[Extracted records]
BEGIN

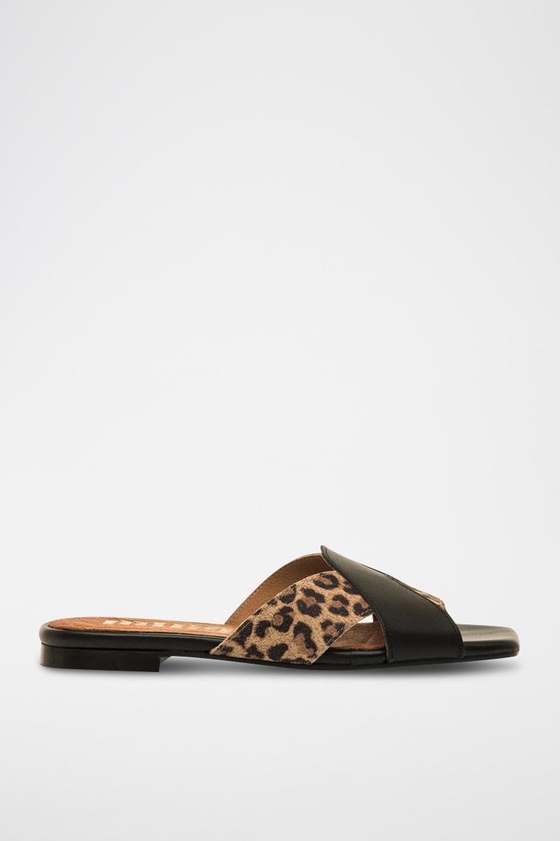 Brides croisées dont 1 à motifs léopard devant.
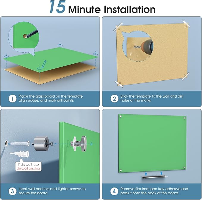 - 15-Minute Fast Installation with Complete Professional Accessories: Comes with an installation template, accessory tray, premium magnetic glass board eraser; easy setup within 15 minutes for horizontal or vertical mounting
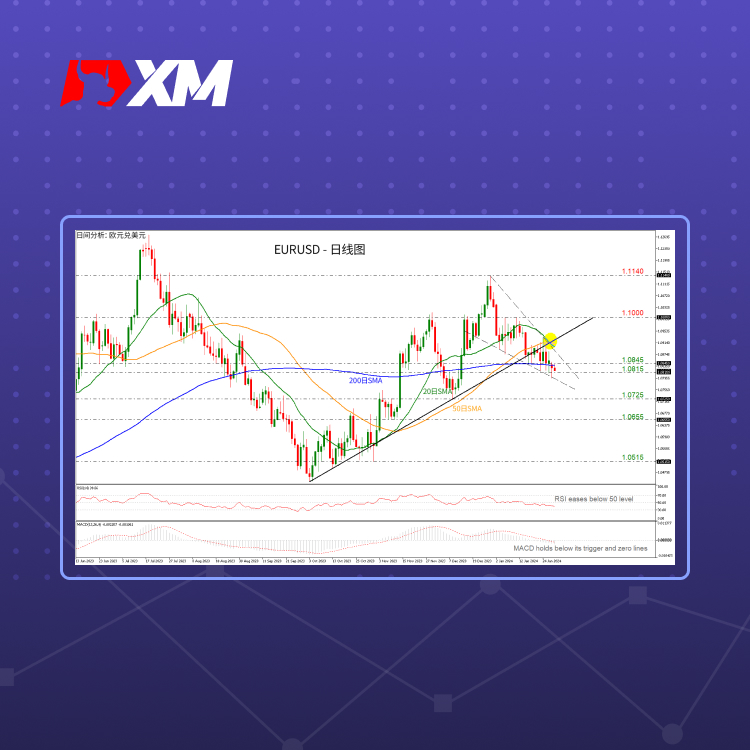 XM跟单系统技术分析 – EURUSD跌破200日SMA后继续下跌
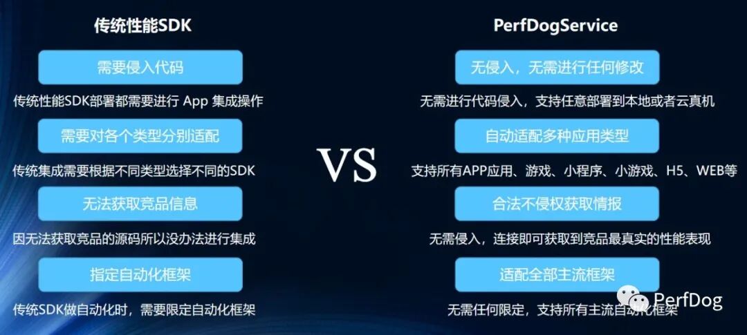 国内外其他相似的产品存在诸多问题,如涉及平台不兼容、需要越狱/root、性能影响较大、使用复杂、数据不准不全,特别是缺少iOS平台的测试数据。PerfDogService不存在上述问题,同时无需进行代码侵入,支持任意部署到本地或者云真机;支持所有APP应用、游戏、小程序、小游戏、H5、WEB等;无需侵入,连接即可获取到竞品最真实的性能表现;无需任何限定,支持所有主流自动化框架等。
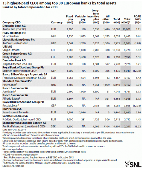 But comfortably ahead in the number one spot is Deutsche Bank AG’s Anshu Jain, who received a pay package amounting to €10.0 million in 2013, including a €6.1 million long-term incentive plan, despite the bank only recording an ROAE of 1.21%. His co-CEO, Jürgen Fitschen, received €7.3 million of total pay.
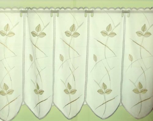 Farbe: weißer zarter Voile mit Stickerei in grün und weiß Material :100% Polyester empfohlene Fensterbreite:95-110 cm- so hängt sie relativ gerade. Pflege:waschbar bei 30°C nach dem Waschen tropfnass aufhängen Größe : 45 cm hoch und 115 cm breit

END

### Problem to solve
Restate the data word for word from its first line through the line with "But comfortably ahead", leaving out any picture along the way.

### Written response
 Brides croisées dont 1 à motifs léopard devant.
 - 15-Minute Fast Installation with Complete Professional Accessories: Comes with an installation template, accessory tray, premium magnetic glass board eraser; easy setup within 15 minutes for horizontal or vertical mounting
 XM跟单系统技术分析 – EURUSD跌破200日SMA后继续下跌
 国内外其他相似的产品存在诸多问题,如涉及平台不兼容、需要越狱/root、性能影响较大、使用复杂、数据不准不全,特别是缺少iOS平台的测试数据。PerfDogService不存在上述问题,同时无需进行代码侵入,支持任意部署到本地或者云真机;支持所有APP应用、游戏、小程序、小游戏、H5、WEB等;无需侵入,连接即可获取到竞品最真实的性能表现;无需任何限定,支持所有主流自动化框架等。
 But comfortably ahead in the number one spot is Deutsche Bank AG’s Anshu Jain, who received a pay package amounting to €10.0 million in 2013, including a €6.1 million long-term incentive plan, despite the bank only recording an ROAE of 1.21%. His co-CEO, Jürgen Fitschen, received €7.3 million of total pay.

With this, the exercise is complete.